Biographical Database of NAWSA Suffragists, 1890-1920

Biography of Flora Gapen Charter, 1879-1916

By George Robb, professor, William Paterson University, Wayne, New Jersey

Executive Secretary, Political Equality League of Wisconsin; Executive Secretary, New Jersey Equal Suffrage Committee; Business Manager, The Woman Voter

Flora Gapen Charter was born in Illinois in 1879 to Dr. Clarke Gapen, a physician, and his wife, Jennie Swanson. The following year the family moved to Madison, Wisconsin. Flora later attended the University of Wisconsin and worked as a high school mathematics teacher in Milwaukee. In January 1915, Flora Gapen married Joseph Remington Charter, a journalist who was supportive of her suffrage work. They lived in East Orange, New Jersey.

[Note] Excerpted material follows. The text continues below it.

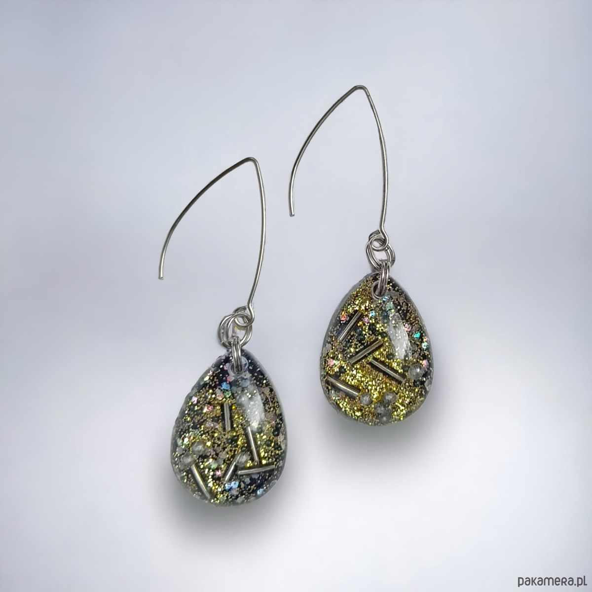 kolczyki wykonane z transparentnej i transparentnej grafitowej żywicy z dodatkiem brokatu w kolorze złotym i holograficznym, szklanego kawioru, szklanych koralików -rurek.
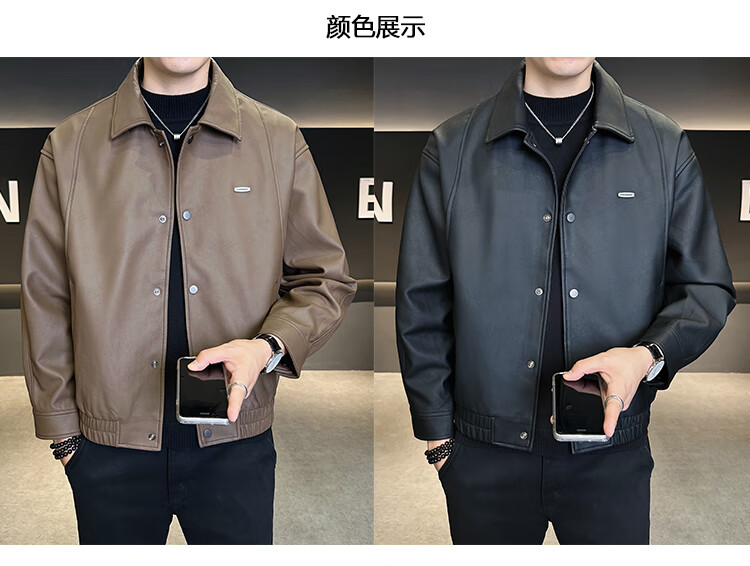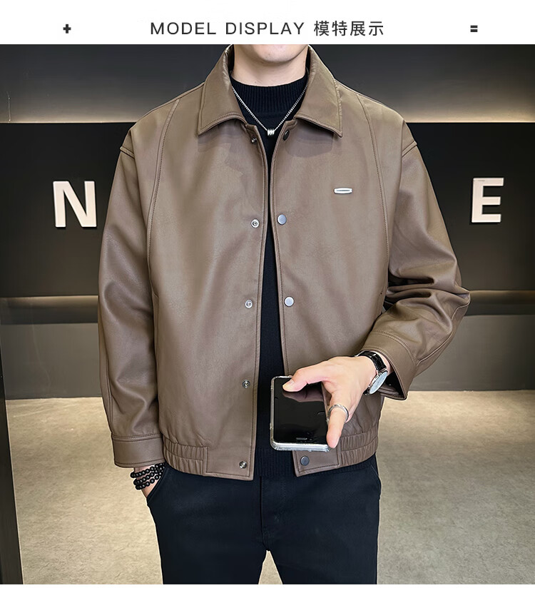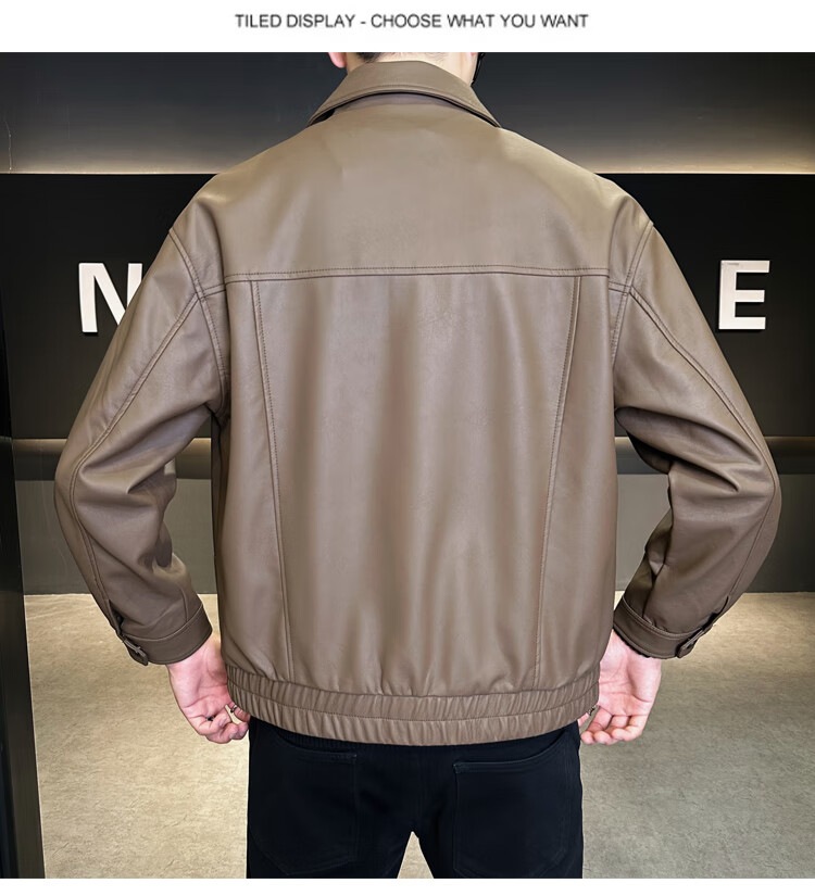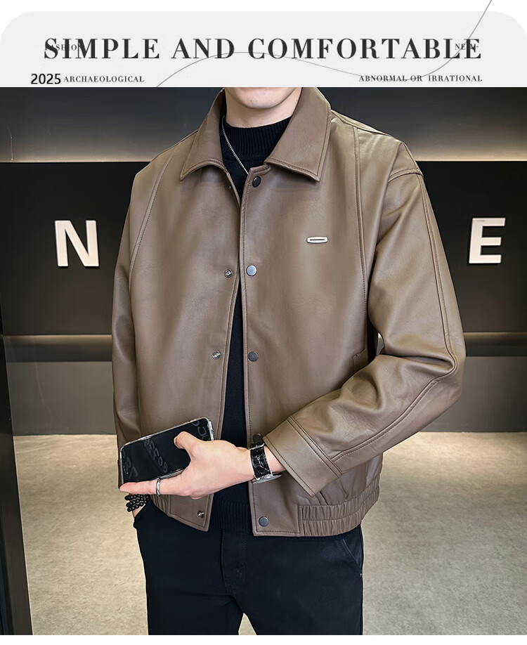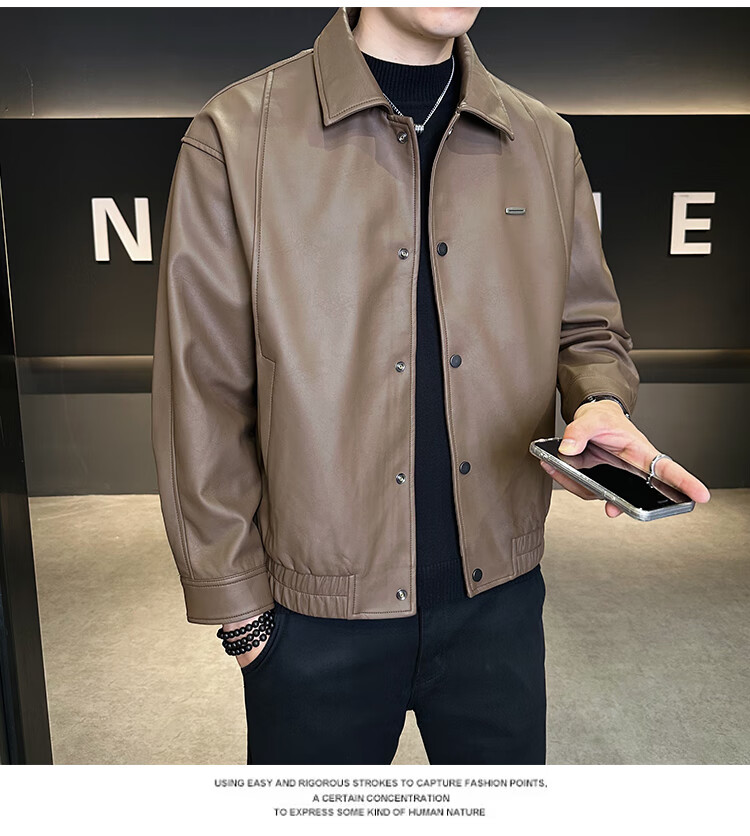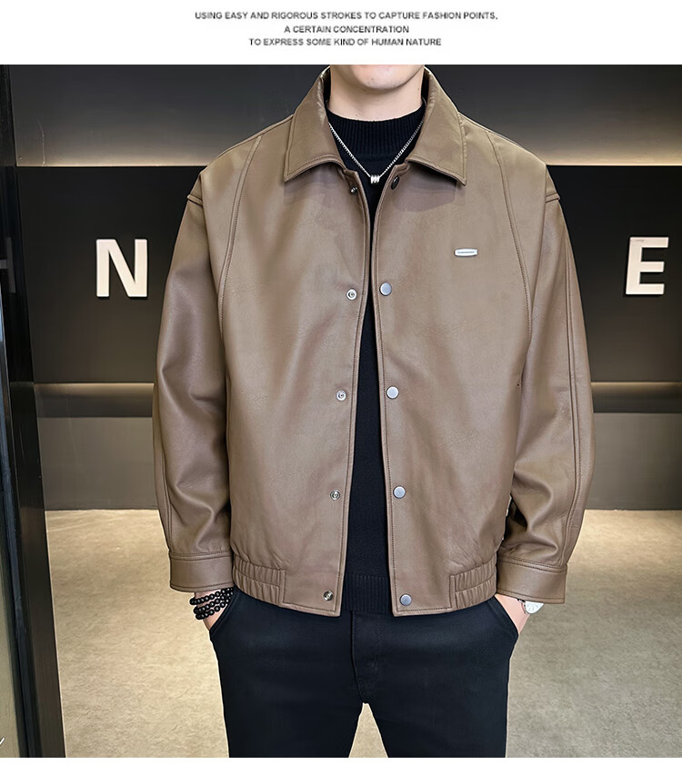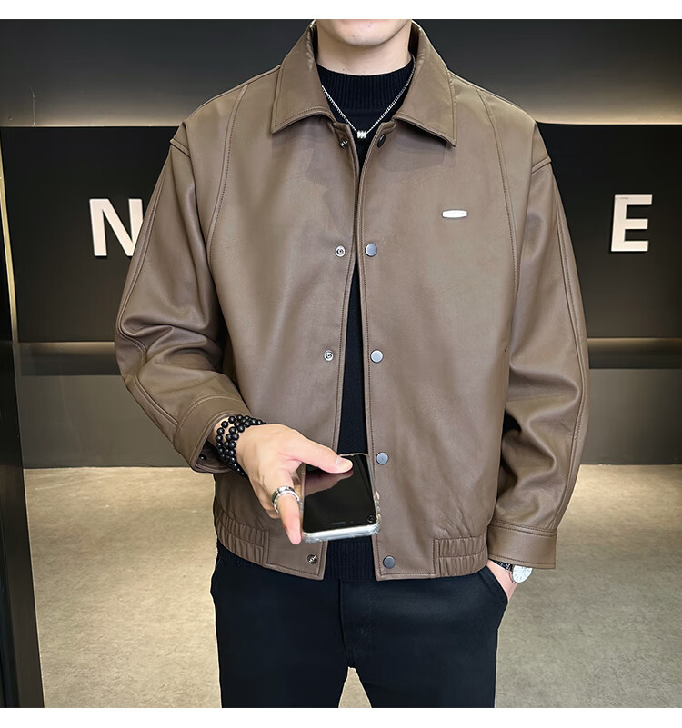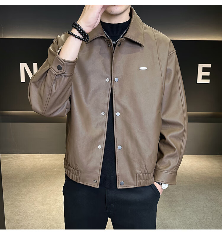 Hengyuanxiang Leather Jacket Men's 2026 New Spring and Autumn Trendy Lapel Casual Men's Motorcycle Leather Jacket Brown XL

Flora Gapen's interest in women's suffrage led her to the newly formed Political Equality League of Wisconsin, which attracted a younger and more militant membership than the more established Wisconsin Women's Suffrage Association. Gapen quit her teaching job in 1912 to devote herself full-time to the passage of a Wisconsin suffrage referendum, scheduled to be voted on in November, 1912. She helped organize rallies around the state and edited a special pro-suffrage edition of The Leader, Milwaukee's socialist newspaper. When the referendum was defeated decisively, Gapen decided to work for suffrage amendments in other states.

In 1913 Gapen took part in suffrage campaigns in Ohio and New York, becoming an important spokesperson for the cause. For example, when a judge in New York claimed that he sentenced women less harshly than men and that "the suffragists do not know how lightly the law sits upon women," Gapen responded that "women are asking no favors because of their sex these days. They are demanding simple justice, no more, no less."

In 1914 Gapen became the business manager of The Woman Voter, a monthly suffrage journal published in New York City. She also helped enroll young girls in the newly organized Junior Woman Suffrage Party, whose members sold suffrage literature and "Votes for Women" buttons throughout the city. At this time Gapen also secured a position in the office of Carrie Chapman Catt, national suffrage leader.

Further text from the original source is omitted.